Use the Factor Theorem to determine whether \(g(x)\) is a factor of \(p(x)\) in each of the following cases:

(i) \(p(x)\!=\!2{x^3}\!+\!{x^2}\!-\!2x\!-\!1,\,g(x)\!=\!x \!+\!1\)

(ii) \(p(x)\!=\!{x^3}\!+\!3{x^2}\!+\!3x\!+\!1,\,g(x)\!=\!x\!+\!2\)

(iii) \(p(x)\!=\!{x^3}\!-\!4{x^2}\!+\!x\!+\!6,\,g(x)\!=\!x\!-\!3\)

 Video Solution
Polynomials
Ex 2.4 | Question 2

Text Solution

Reasoning:

By factor theorem, \((x-a)\) is a factor of a polynomial \( p(x)\) if \(p(a) = 0.\)

To find if \(g(x )= x+a\) is a factor of \( p(x),\) we need to find the root of \(g(x).\)

\(x + a = 0{\rm{ }} \to {\rm{ }}x{\rm{ }} = -a\)

Steps:

(i) Let \(p(x) = 2{x^3} + {x^2} - 2x - 1,\,g(x) = x + 1\)

\[x + 1 = 0{\rm{ }} \to {\rm{ }}x{\rm{ }} = {\rm{ }}-1\]

Now,

\[\begin{align}p( - 1) &= 2{( - 1)^3} + {( - 1)^2} - 2( - 1) - 1\\ & = - \not 2 + \not 1 + \not 2 - \not 1\\& = 0\end{align}\]
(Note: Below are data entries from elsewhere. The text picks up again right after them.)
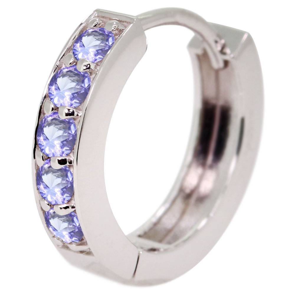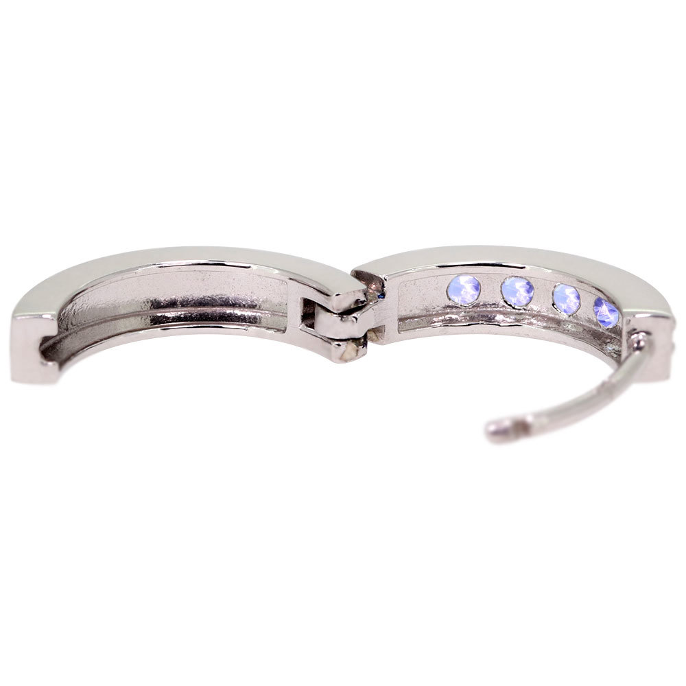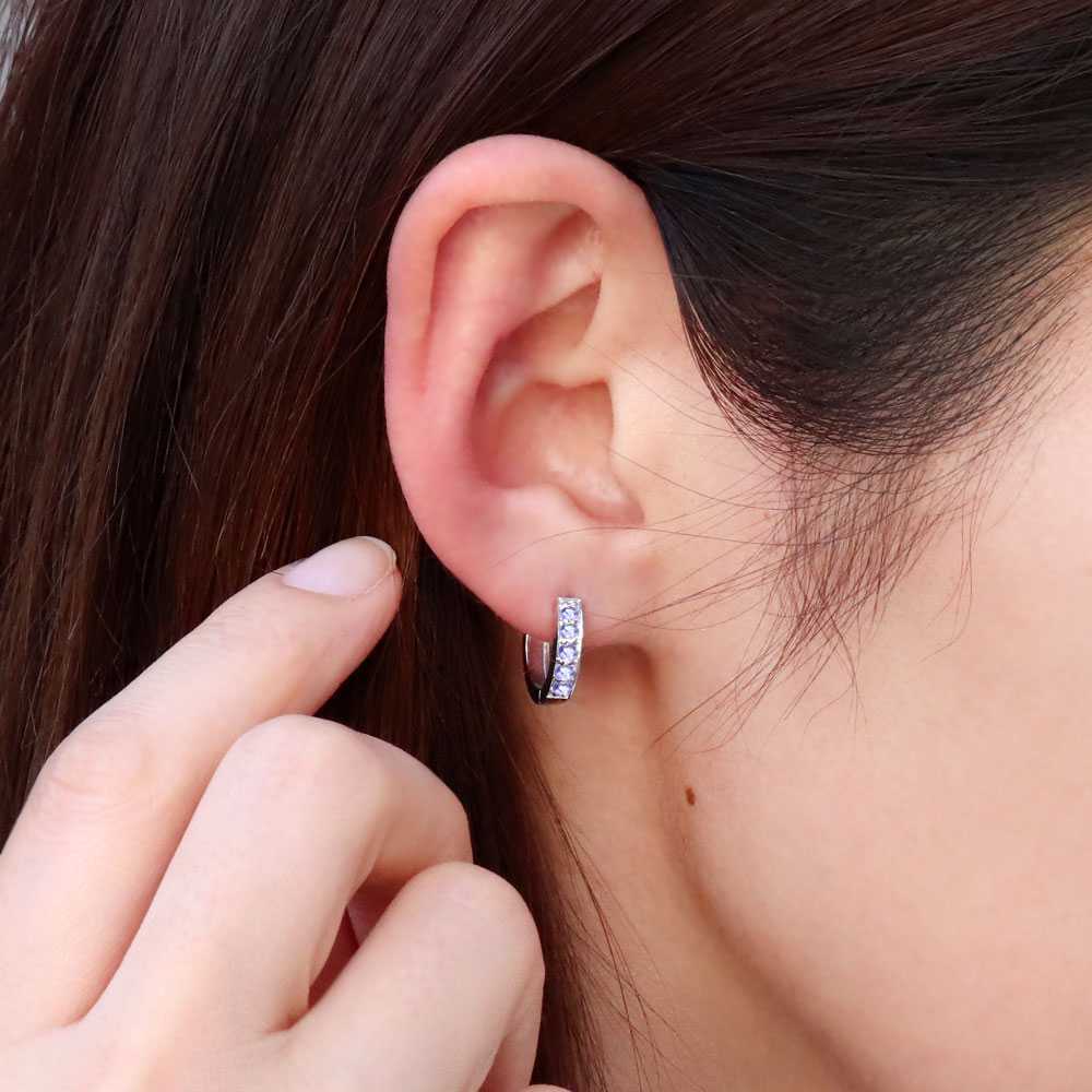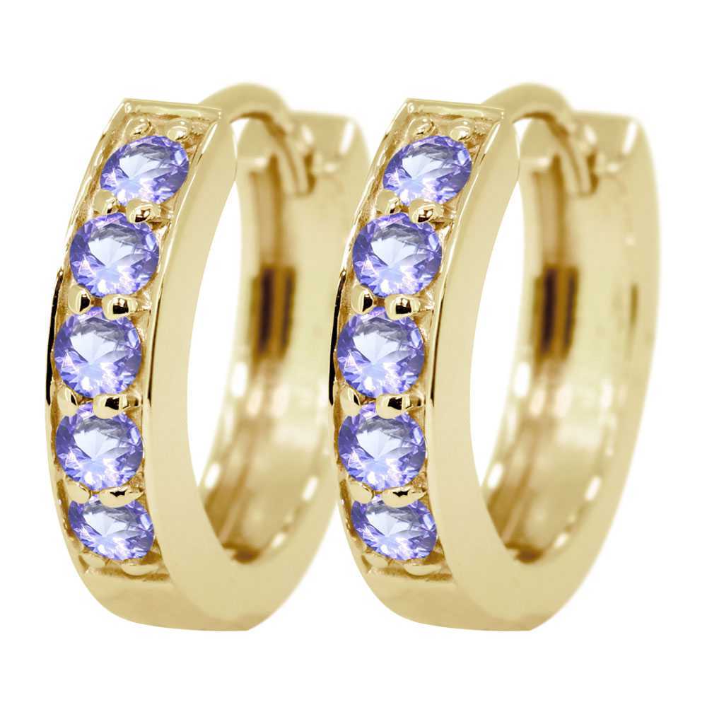 12月誕生石タンザナイトを使用した18金製の、ハーフエタニティタイプのレディースフープピアスです。
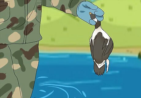 Retrieve any ducks that you’ve shot. If you don’t have a dog that’s trained to retrieve ducks, then you’ll have to retrieve them yourself after you’ve shot them. Make sure that everyone is done shooting, then go to the location where you downed the duck and store it in a sack until you dress it. Always wear rubber gloves when handling ducks because they could be carrying diseases. If the downed duck fell into the water, wear high boots and waders to retrieve it from the water.
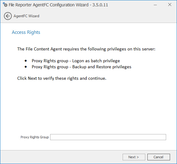 This page lets you establish needed privileges for the AgentFC host via the Proxy Rights Group.

Since the remainder of \(p( - 1) = 0\) , by factor theorem we can say \(g(x) = x+1\) is a factor of \(p(x) = 2{x^3} + {x^2} - 2x - 1.\)

(ii) Let \(p(x) = {x^3} + 3{x^2} + 3x + 1,\,\,g(x) = x + 2\)

\[x + 2 = 0{\rm{ }} \to {\rm{ }}x{\rm{ }} = {\rm{ }}-2\]

Now,

\[\begin{align}p( - 2)&= {( - 2)^3} + 3{( - 2)^2} + 3( - 2) + 1\\ & = - 8 + 12 - 6 + 1\\ & = - 1 \ne 0\end{align}\]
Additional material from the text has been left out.